6. **ZooKeeper**: Kafka uses Apache ZooKeeper to manage and coordinate the Kafka brokers. ZooKeeper helps with leader election for partitions and maintaining configuration information.

#### Use Cases:
1. **Log Aggregation**: Kafka is commonly used to collect and aggregate log data from various systems for monitoring and analysis.
2. **Real-time Analytics**: Companies use Kafka to process streaming data in real time for analytics and decision-making.
3. **Data Integration**: Kafka serves as a data integration layer, allowing different systems to share and process data in real-time.
4. **Event Sourcing**: Kafka can be used to store and process events in an event-driven architecture.

#### How Kafka Works:
- **Producers** send data to Kafka topics.
- **Brokers** store the data in partitions within the topics.
- **Consumers** subscribe to topics and read the data from the partitions.
- Kafka ensures the data is replicated and distributed across multiple brokers to provide fault tolerance and high availability.

Kafka's architecture and design make it a powerful tool for building robust, scalable, and real-time data processing pipelines.
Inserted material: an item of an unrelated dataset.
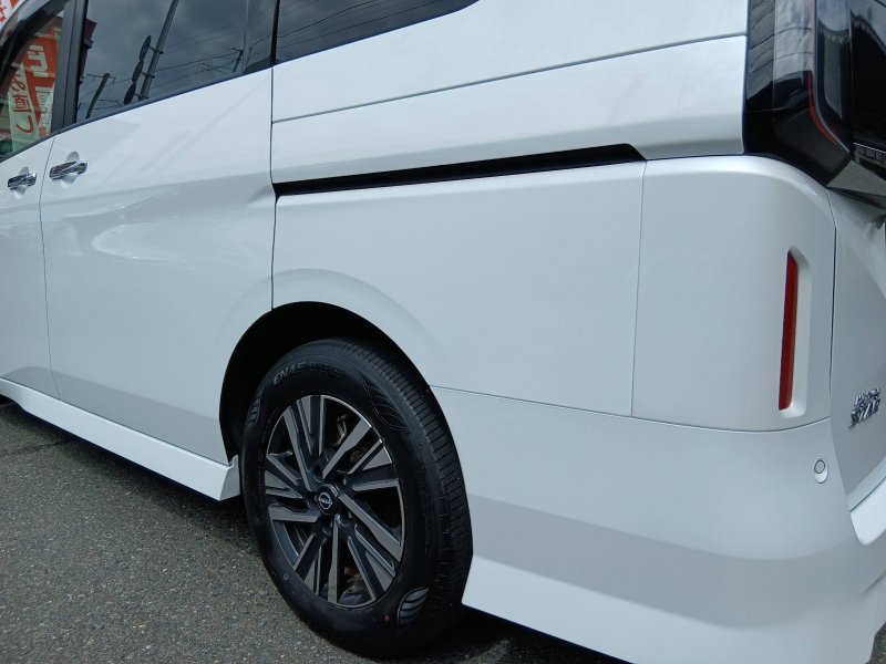 福岡西小戸店で、セレナの左側面(スライドドア・クォーター・リアバンパーまで)の修理を行いました。クォーターパネルは新品に張り替え、約2週間で仕上げています。保険修理での対応です。

**step 1:** Start zookeeper and kafka:

     (a) .bin/zookeeper-server-start.sh config/zookeeper.properties
     (b) .bin/kafka-server-start.sh config/server.properties
 
**step 2:**  Create topics:
     
     (a) .bin/kafka-topics.sh --create --topic input-events --bootstrap-server localhost:9092
         --replication-factor 3 --partitions 5
     (b) .bin/kafka-topics.sh --create --topic output-events --bootstrap-server localhost:9092
         --replication-factor 3 --partitions 5
     (c) .bin/kafka-topics.sh --list --bootstrap-server localhost:9092
     
**step 3:** producing/consuming message to/from the topic: 

      (a) .bin/kafka-console-producer.sh --topic input-events --bootstrap-server localhost:9092
      (b) .bin/kafka-console-consumer.sh --topic output-events --from-beginning --bootstrap-server
          localhost:9092
    



    spark = SparkSession.builder\
            .appName('kafka-stream')\
            .config('spark.jars.packages','org.apache.spark:spark-sql-kafka-0-10_2.12:3.5.1')\
            .getOrCreate()
    
    df = spark.readStream.format('kafka')\
              .option('kafka.bootstrap.servers','localhost:9092,host2:port2')\    
              .option('subscribe','input-events')\
              .load()
    
    query = df.selectExpr("CAST(key AS STRING)", "CAST(value AS STRING)") \
              .writeStream \
              .format("kafka") \
              .option("kafka.bootstrap.servers", 'localhost:9092') \
              .option("topic", output_kafka_topic) \
              .outputMode('update')\
              .option("checkpointLocation", "/path/to/checkpoint/dir") \
              .start()

    query.awaitTermination()

**3. Writing to and reading from storage system: Cassandra**

**step 1:**  Start cassandra and cqlsh:

            (a) .bin/cassandra -f
            (b) .bin/cqlsh
            
**step 2:** Create keysapce and table :

       (a) cqlsh> create keyspace myspace with replication={'class':'SimpleStrategy','replication_factor:1};
       (b) cqlsh> create table if not exists my_tbl(id int, name text,age int,nation text);
       
**step 3:** Start SparkSeesion 


       spark = SparkSession.builder\
                           .appName('spark-cassandra')\
                           .config('spark.jars.packages',
                                   'com.datastax.spark:spark-cassandra-connector_2.12:3.5.1')\
                           .config('spark.cassandra.connection.host','localhost')\
                           .config('spark.cassandra.connection.port',port_number)\   (optional)
                           .getOrCreate()
                           
                           
       df = spark.read.format('org.apache.spark.sql.cassandra')\
                 .options(table='my_tbl',keyspace='myspace')\
                 .load()
       
       
       df.write.format('org.apache.spark.sql.cassandra')\
               .options(table='my_tbl',keyspace='myspace')\
               .save()
         
**Remarks:**
        
        . table and keyspace exist before running sparksession app
        . table must hhave the same schema as dataframe.